From the data below, retype exactly the lines starting with the one that contains "72907986 Bad Oeynhausen" and ending with the one that contains "Título: Extradición de", both included.
Input data section start
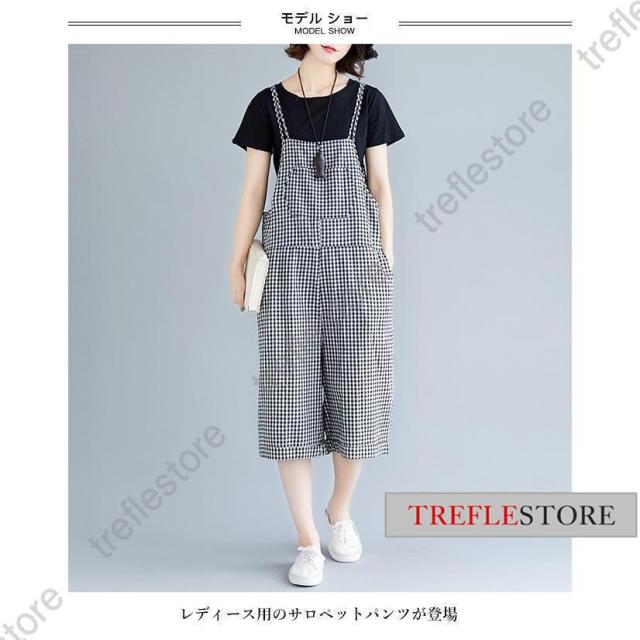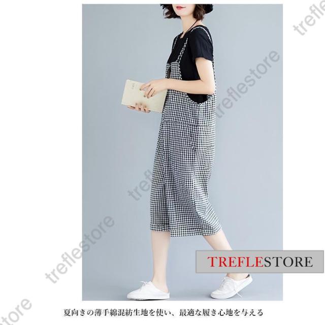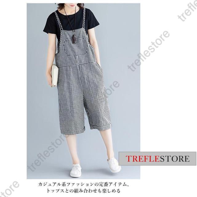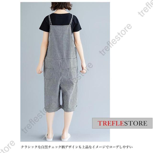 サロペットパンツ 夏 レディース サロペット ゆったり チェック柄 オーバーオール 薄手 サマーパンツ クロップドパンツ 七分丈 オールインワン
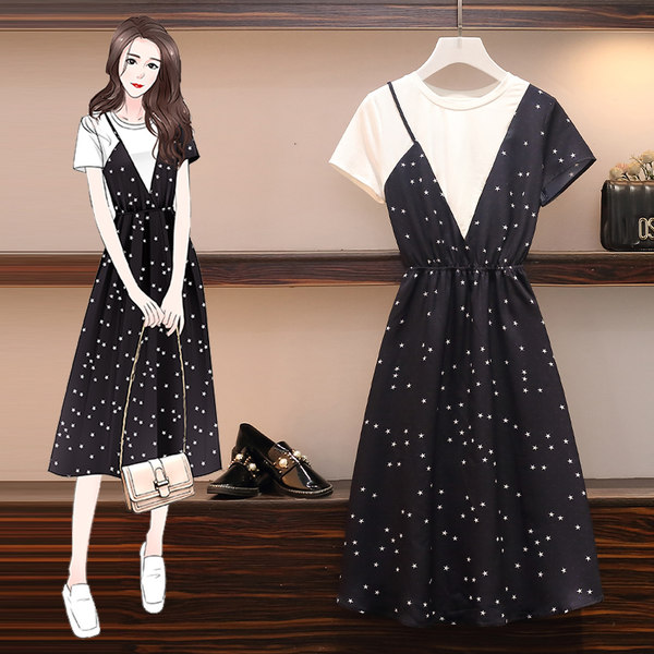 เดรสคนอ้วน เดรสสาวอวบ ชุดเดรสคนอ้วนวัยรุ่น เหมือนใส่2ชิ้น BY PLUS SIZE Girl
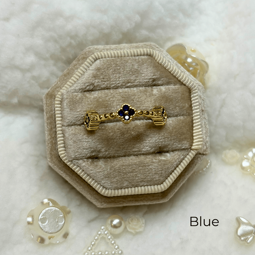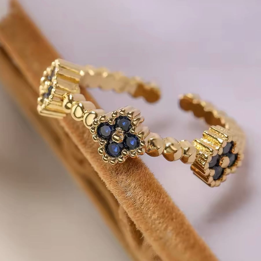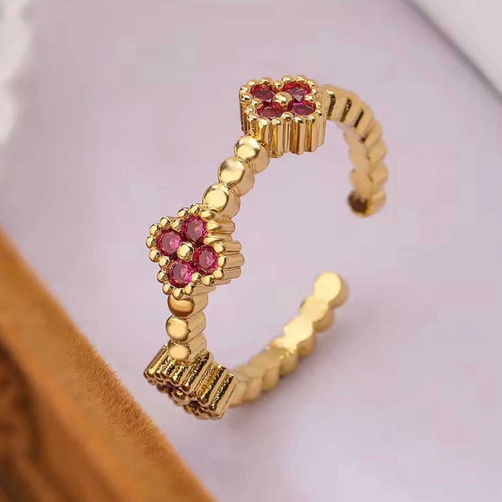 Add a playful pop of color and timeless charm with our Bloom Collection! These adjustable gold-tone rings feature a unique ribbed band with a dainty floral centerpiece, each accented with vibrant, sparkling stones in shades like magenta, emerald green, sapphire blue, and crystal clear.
Input data section end
Input data section start
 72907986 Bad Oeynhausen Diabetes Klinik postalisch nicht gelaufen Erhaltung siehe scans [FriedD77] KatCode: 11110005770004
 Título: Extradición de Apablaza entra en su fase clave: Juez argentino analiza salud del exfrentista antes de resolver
Input data section end
Written solution -
 72907986 Bad Oeynhausen Diabetes Klinik postalisch nicht gelaufen Erhaltung siehe scans [FriedD77] KatCode: 11110005770004
 Título: Extradición de Apablaza entra en su fase clave: Juez argentino analiza salud del exfrentista antes de resolver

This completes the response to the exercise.